Tomato basil soup, half a ham sandwich, Dorothy Molter Root Beer |
After lunch we went to the International Wolf Center and
paid $9.50 adult for me and $8.50 for Jane, because she is over 60 (how did
that happen??). There was a special photography exhibit on the Aurora Borealis,
although the connection with wolves was not clear. There was an extensive display
on the role of wolves in mythology, history, and literature, and somewhat less
information on evolutionary relationship with other canines. At the viewing
area one wolf wandered by looking kind of bored.
Entrance to the International Wolf Center |
A wolf with not much to do |
We went to the Dorothy Molter Museum next. Jane thought it
looked like too much standing for her. She waited in the car while I rushed to
join a tour given by Bob. Bob gave us Dorothy’s life story from her birth in
1907 to her first trip to the Ely area in 1930 to her permanent relocation in
1934, when she came to help out at the Isle of Pines fish camp. She eventually
inherited the camp from the owner in 1948.
Dorothy Molter's cabin |
A ban on sea plane delivery in 1949 was the end of pop in
the fish camp. A few years later, Dorothy came across a bunch of empty pop
bottles and got the idea of making root beer. She used yeast for carbonation. Every
summer she made 12000 bottles of pop which she sold to 6000 visitors.
The cabin was in three sections, a glassed-in porch, a
kitching/living area, and two bedrooms made by bisecting the back section with
a wall parallel to the long side of the
building. Bob didn’t say anything about the construction. I wondered if it had
been built in three phases. This cabin had been Dorothy’s winter quarters. In
the summer, it was rented to guests and Dorothy stayed in a tent.
The Forest Service bought land in 1973 and allowed Dorothy
to stay on until her death from heart failure while hauling wood in 1986, at
the age of 79. A group of people got together to move Dorothy’s cabin and a
couple of other cabins from the fish camp to their present location outside of
Ely when the Forest Service planned to raze them.

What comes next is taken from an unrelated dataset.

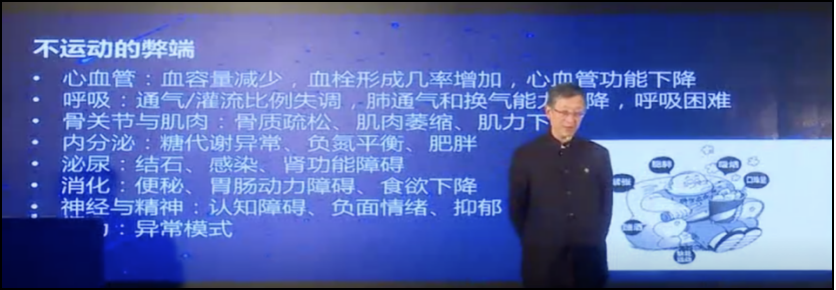 励建安表示,卧床会导致心肺功能衰退、血容量减少、有氧运动能力降低、深静脉血栓形成风险增加、肌肉萎缩、关节活动障碍、骨质疏松、肾上腺皮质激素分泌增加,糖代谢和脂质代谢紊乱、泌尿系统结石、免疫能力低下和感染率增加……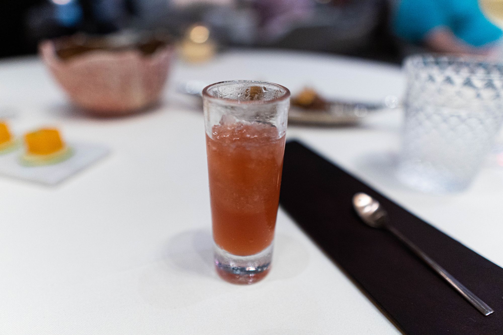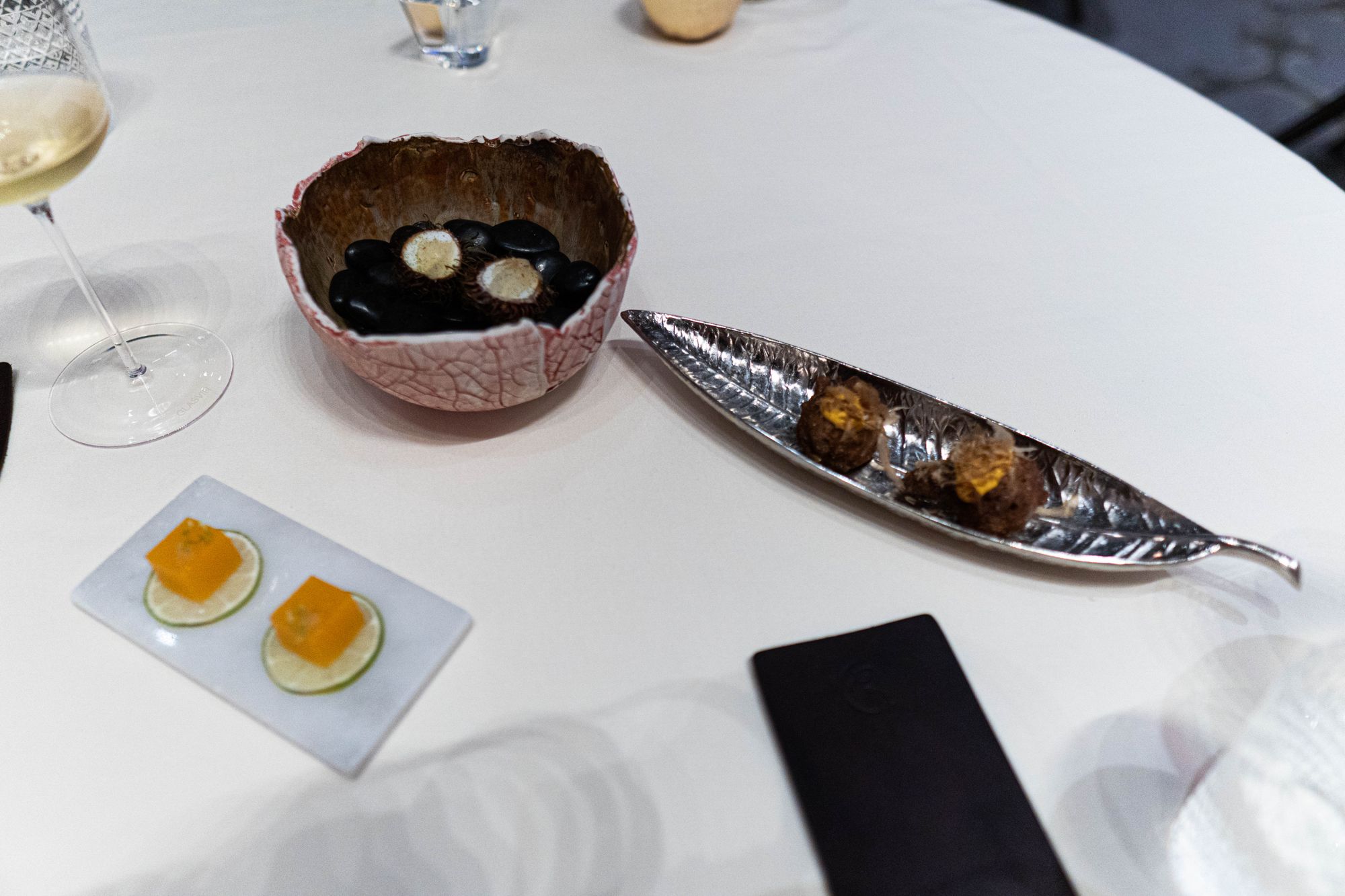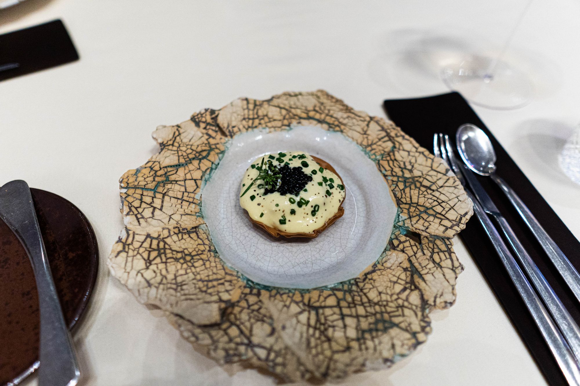 식사에 앞서 와인 스펙테이터 리스트 어워드에서 최고 등급으로 격상된 와인 리스트를 먼저 살펴보았는데, 리스트가 주는 인상과 다르게 식사의 시작이 주는 인상은 판이하게 달랐다. 김치를 비롯, 거의 전부를 아태지역의 레퍼런스에 몰아넣은 가운데 그나마 프랑스 흔적이라도 남은 것은 크로켓이라는 형태 정도이다. 전반적으로 의도가 선명한 신맛, 열대과일향 위주의 구성으로 입맛을 돋군다는 고유의 기능, 그리고 세계적인 대도시라는 장소적 맥락을 동시에 엮은 것으로 보인다. 프레젠테이션은 흥미롭지 않았으나 니콜라시카를 연상케 하는 젤리는 나름 향이 복잡한 것이 기억에 흐리게 남았다.

Our last stop on Pat’s suggested tour was Zup’s Grocery for their
house made bratwurst. Near the check out, I saw a tree of water shoes. At the
top it said “Regularly $6 now $3. I was naturally drawn to a red pair. When I
found they were my size, it seemed like fate. Jane promptly dubbed them my ruby
slippers.
My new ruby slippers |
We headed back to Grand Marais. We went to Sydney’s for
Margherita pizza and turtle sundaes because it was too hot to make the Dutch
chocolate custard. We ate at a table on the street side. It was a very pleasant
evening and a nice way to end our day trip.